# [DATA FOR THE TASK]
########################################

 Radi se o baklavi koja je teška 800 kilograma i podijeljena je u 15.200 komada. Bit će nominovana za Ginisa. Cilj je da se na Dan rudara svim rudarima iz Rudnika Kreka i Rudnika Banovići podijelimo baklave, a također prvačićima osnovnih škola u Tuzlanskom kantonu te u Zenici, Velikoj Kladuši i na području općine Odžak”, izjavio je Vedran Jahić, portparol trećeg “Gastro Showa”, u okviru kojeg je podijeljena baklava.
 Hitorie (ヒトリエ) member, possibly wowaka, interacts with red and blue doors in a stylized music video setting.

########################################

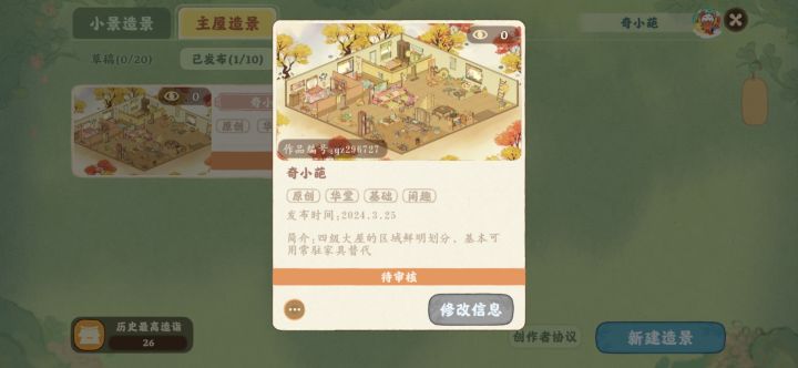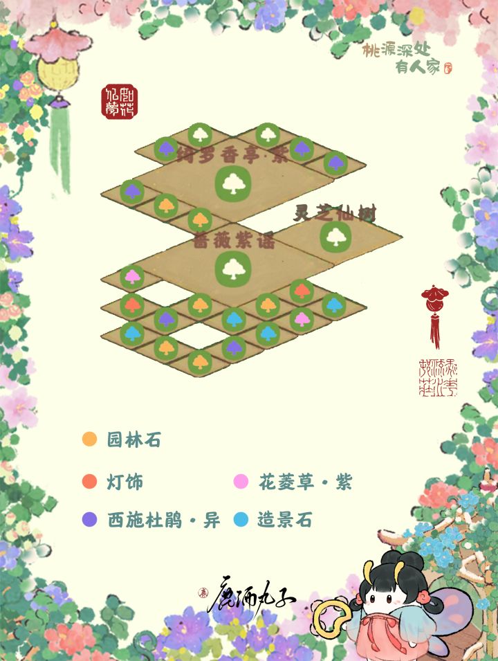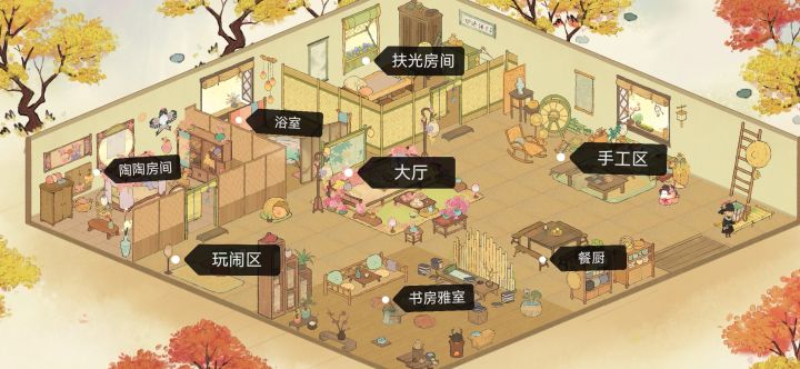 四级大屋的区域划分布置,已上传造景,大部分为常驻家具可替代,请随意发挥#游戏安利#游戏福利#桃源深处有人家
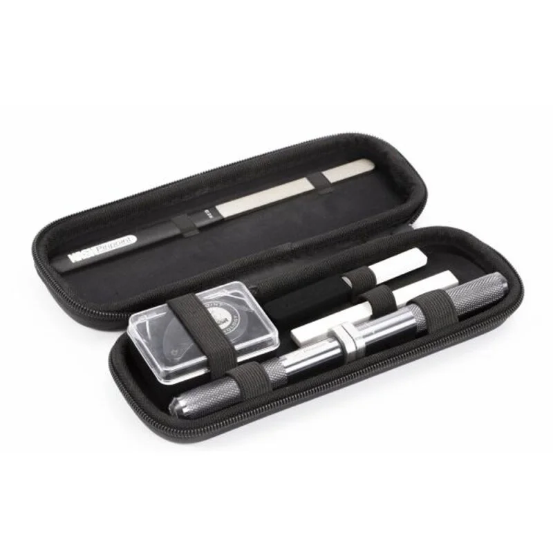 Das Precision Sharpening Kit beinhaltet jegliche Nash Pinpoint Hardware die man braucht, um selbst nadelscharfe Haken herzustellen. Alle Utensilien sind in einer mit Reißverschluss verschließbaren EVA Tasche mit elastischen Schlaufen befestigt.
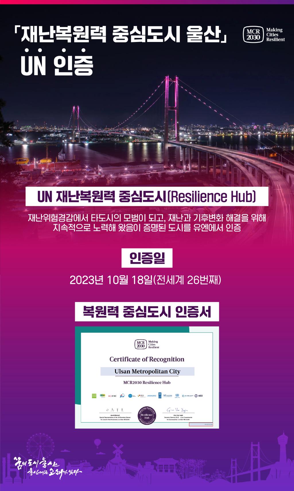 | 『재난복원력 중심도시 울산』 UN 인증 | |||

########################################

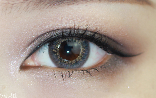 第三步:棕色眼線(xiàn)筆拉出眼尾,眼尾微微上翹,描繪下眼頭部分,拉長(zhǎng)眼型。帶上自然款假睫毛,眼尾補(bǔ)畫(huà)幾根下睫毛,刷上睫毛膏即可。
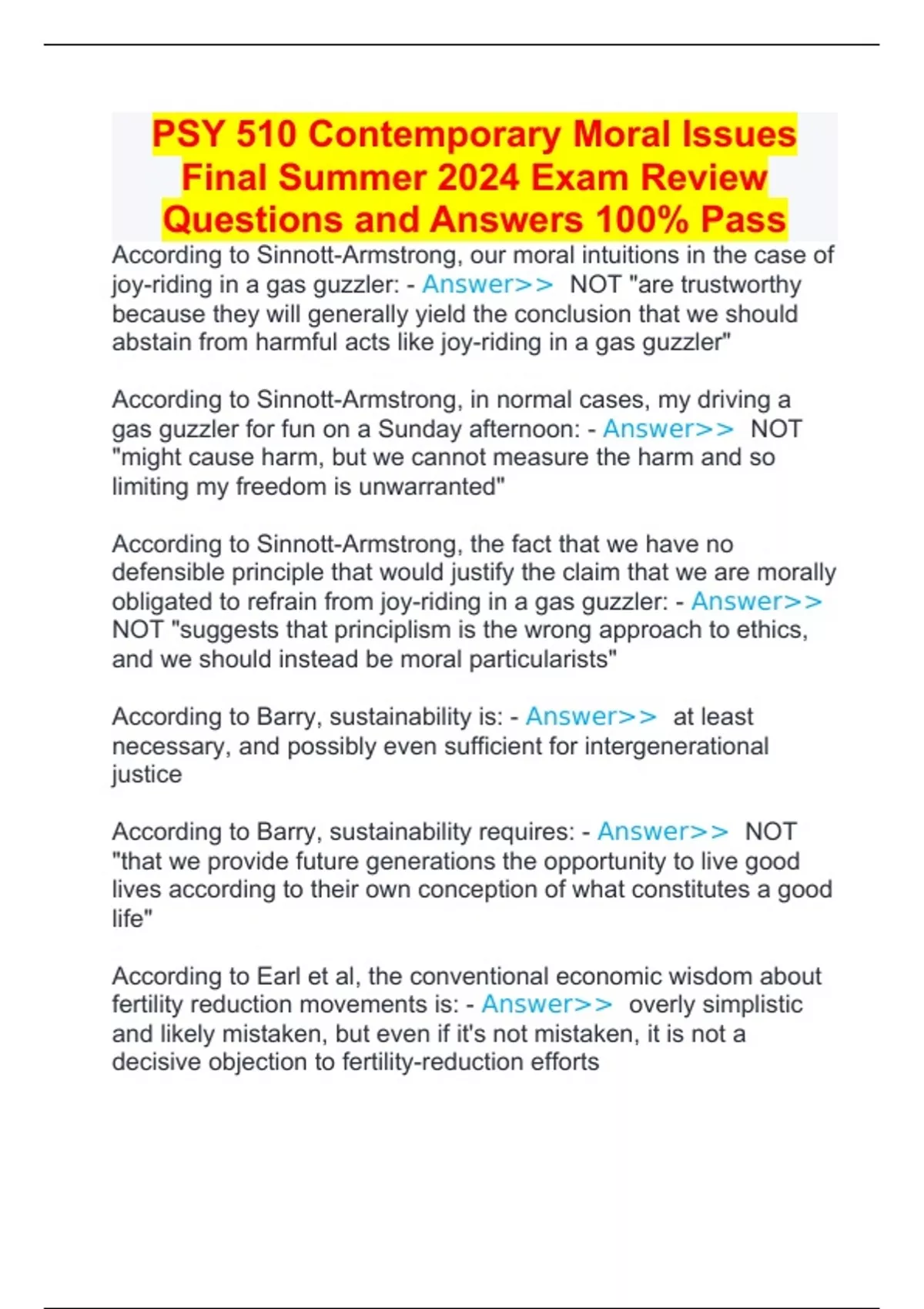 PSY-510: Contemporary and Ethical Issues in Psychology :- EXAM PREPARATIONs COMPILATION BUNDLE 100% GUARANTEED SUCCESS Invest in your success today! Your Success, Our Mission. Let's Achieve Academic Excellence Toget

########################################

# [THE TASK]
The copy should hold only the lines from the one with "四级大屋的区域划分布置,已上" through the one with "울산』 UN 인증 | |||", exactly as they stand above. Leave out the pictures.

# [RESPONSE TO THIS TASK]
 四级大屋的区域划分布置,已上传造景,大部分为常驻家具可替代,请随意发挥#游戏安利#游戏福利#桃源深处有人家
 Das Precision Sharpening Kit beinhaltet jegliche Nash Pinpoint Hardware die man braucht, um selbst nadelscharfe Haken herzustellen. Alle Utensilien sind in einer mit Reißverschluss verschließbaren EVA Tasche mit elastischen Schlaufen befestigt.
 | 『재난복원력 중심도시 울산』 UN 인증 | |||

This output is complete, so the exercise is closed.